Thinking of getting into the lure painting hobby, what do I need as far as type of primers, paints and clear coat (prefer not to clearcoat with epoxy) any suggestions or tips greatly appreciated.


----------



## vc1111 (Apr 13, 2004)

You can choose either enamels or water-based paints, such as createx.

For primer you can use Krylon Fusion white; for sealer (before priming), you can use Minwax sanding sealer.

Just curious; why don't you want to use epoxy as a clear coat?


----------



## angler69 (Sep 26, 2005)

I just think epoxy would be to thick a to hard to get a thin smooth coat. maybe I am wrong on that, Am I?


----------



## vc1111 (Apr 13, 2004)

Angler, I think you'll need to actually try the two main types of epoxy to see if they suit your needs. 

The easiest to use (in my opinion) is Devcon 2 ton epoxy, which can be purchased at Walmart in the paint department for about $2.

One coat of Devcon is actually pretty thin. You just brush it on with a small paint brush and then rotate the bait by holding it with a pair of vice grips. In about 20 to 25 minutes the epoxy will have set up and you can place the bait (still held by the vice grip clinging to the tail hook hanger) somewhere safe until it fully hardens, which is about 7 to 10 hours or so.

The Devcon epoxy produces a nice hard finish, which will protect the bait and all your hard work for a long time to come.

The other type of epoxy is called envirotex and although its a bit tougher to use its my favorite. It takes much, much longer to set up...about 2 hours at a minimum. Most of us place the bait on a rotisserie wheel system to allow the bait to rotate slowly to prevent runs and drips. But the finish is just beautiful and it tends to hold up well also.

I wrote a thread about epoxy. If you look through the topics, I'm sure it will be in the first few pages. 

Hope that helps.

Vince


----------



## fugarwi7 (Sep 20, 2006)

Angler69...Check your PM's...I can get with you to help if you live reasonably close to me. It may help remove the intimidation factor a little!

Or at least we can screw up a few together!


----------



## pizza (Apr 4, 2008)

For a musky bait a layer of D2T may be considered "thin", but for a 3/8 oz or less (maybe even 1/2 oz)bass crankbait I think one coat of D2T is about the right thickness. The envirotex is much thinner. I would say that about 3-4 layers of etex = one layer of d2t.


----------



## angler69 (Sep 26, 2005)

Thank you all, I will try to have my project up and running within a month, I'll be back to ask more questions I'am sure.
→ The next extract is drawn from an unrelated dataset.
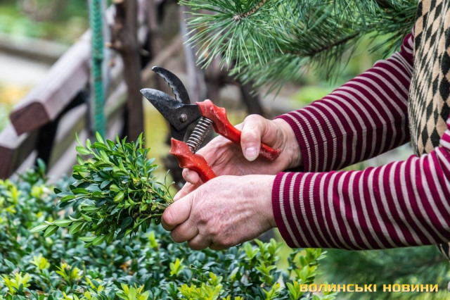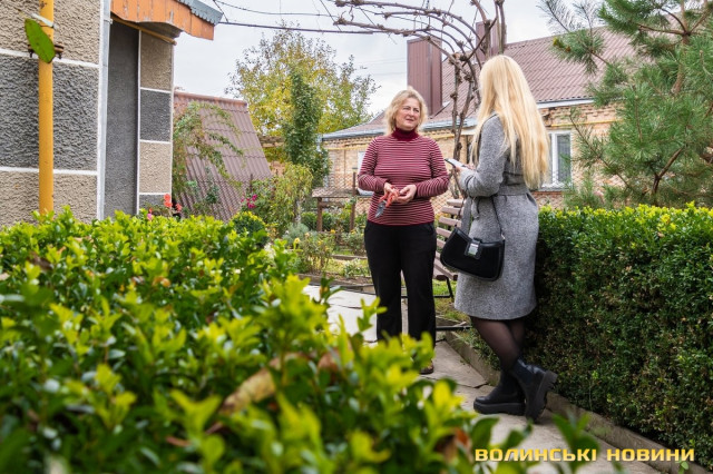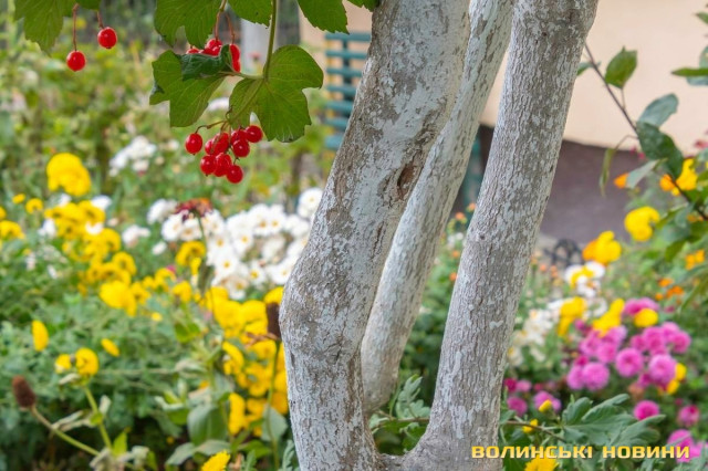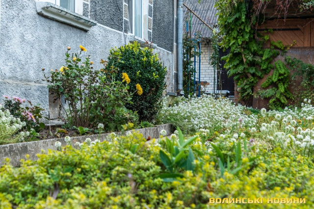 «Отут попід хатою в нас навесні тюльпани цвітуть, – показує. А там – бачите стебла – то півонії. Одні то звичайні, червоні, а ще в нас є кущ півоній незвичайного оливкового кольору. От приходьте наступного року в червні – побачите, які вони пишні. А отам-о, де стійка, в нас клематиси ростуть. То теж вельми гарні квіти. Але вже відцвіли».Алла Андрощук у себе на подвір’ї саме підстригає кущики самшиту. Каже, їх дуже любить її донька. А сама пані Алла, попри неабияку зайнятість ( жінка працює у ВНУ імені Лесі Українки), усе ж знаходить час, аби приділити увагу улюбленим квітам, яких у неї – до кольору до вибору. Каже, любов до них успадкувала від мами.«У мене дуже багато квітів – і лілійники, й іриси, й гортензії, і кали, і, звісно ж, улюблениці-троянди, – перелічує. – Правда, майже все вже поперецвітало, оце ще хризантеми хіба радують цвітом».На порозі примостилися вазонки з різнокольоровими калачиками. Біля воріт – кущ калини, гілки якого донизу хилять китиці ягід. Його, каже жінка, посадив її чоловік.«Він у мене теж шанувальник рослин, – каже пані Алла. – Щоправда, я по квітах, а він – по деревах. Сам садить, сам щеплює, доглядає».

Just thought of one....where do you get the thing to turn baits? Homemade set up or commercially available?


----------



## jerkin (Apr 3, 2008)

You can just make one out of an old grill rotisserie. I cut out 2 round discs about 12 or 14 inches in diameter, fastened one to each end of the rod and put screw hooks around the outside of each one. I have a few springs that I cut into different sizes to hold the baits on (one through the line tie and one through the rear hook hanger) but I've seen people use rubberbands too. Probably didn't take much more than an hour to make the whole thing and it works great. Picked up the rotisserie at a yard sale for $5. I can put 8 lures at a time on it but I don't like them that close together because it's hard to see the air bubbles in the epoxy and get them out, plus I can't coat that many at one time so I usually only do 4.


----------



## fugarwi7 (Sep 20, 2006)

Angler, I have a BBQ motor and bar if you want it...I bought it to get started in this madness but I decided on a different set-up...it is just laying in my garage...you are welcome to have it...it is brand new!!


----------